START Input data

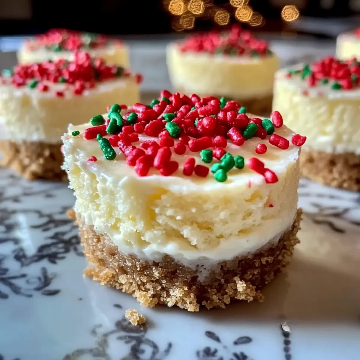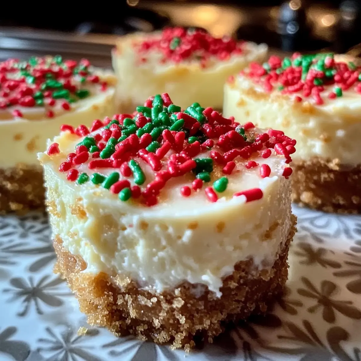Mini Christmas Cheesecakes are delightful bites of creamy cheesecake in a buttery crust, perfect for holiday gatherings.
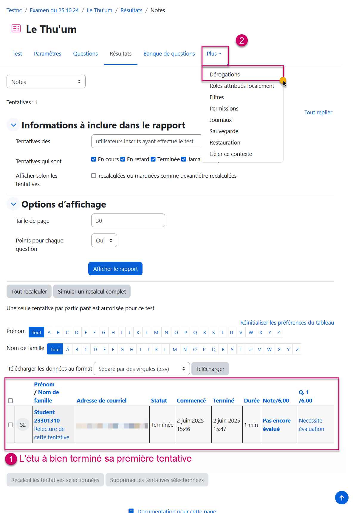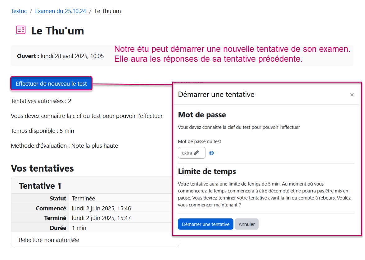 Maintenant que les deux réglages ci-dessus sont fait, l'étudiant peut commencer une nouvelle tentative.
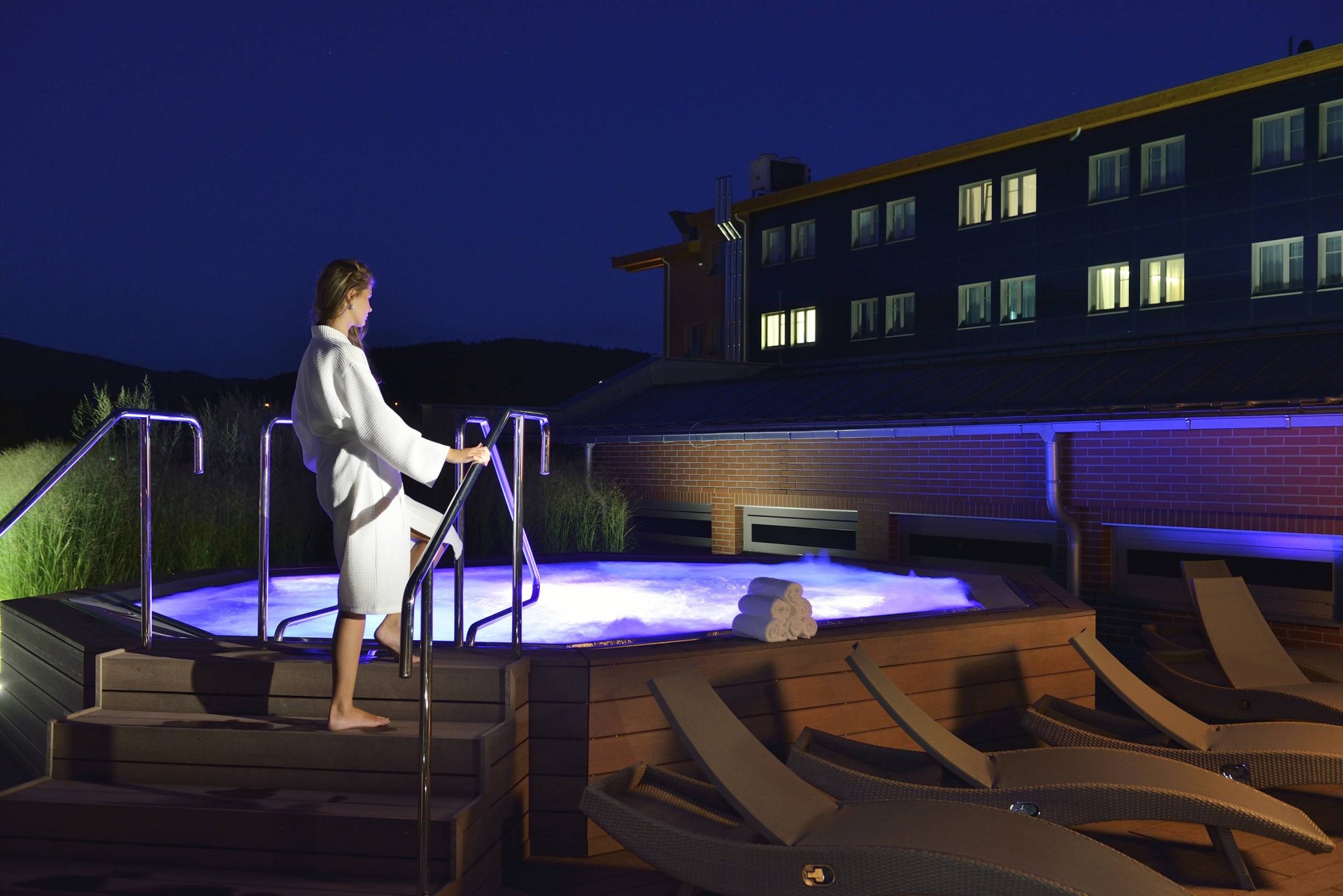 Střešní whirlpool pod hvězdnou oblohou je nevšední zážitek, který si můžete vychutnat spolu se širokou nabídkou relaxačních procedur našeho wellness & spa centra.

END Input data

*What the task requires:* "Maintenant que les" marks the first line to copy; copy that line and every line after it through the last line of the listing, exactly and without pictures.

*Solution below:*
 Maintenant que les deux réglages ci-dessus sont fait, l'étudiant peut commencer une nouvelle tentative.
 Střešní whirlpool pod hvězdnou oblohou je nevšední zážitek, který si můžete vychutnat spolu se širokou nabídkou relaxačních procedur našeho wellness & spa centra.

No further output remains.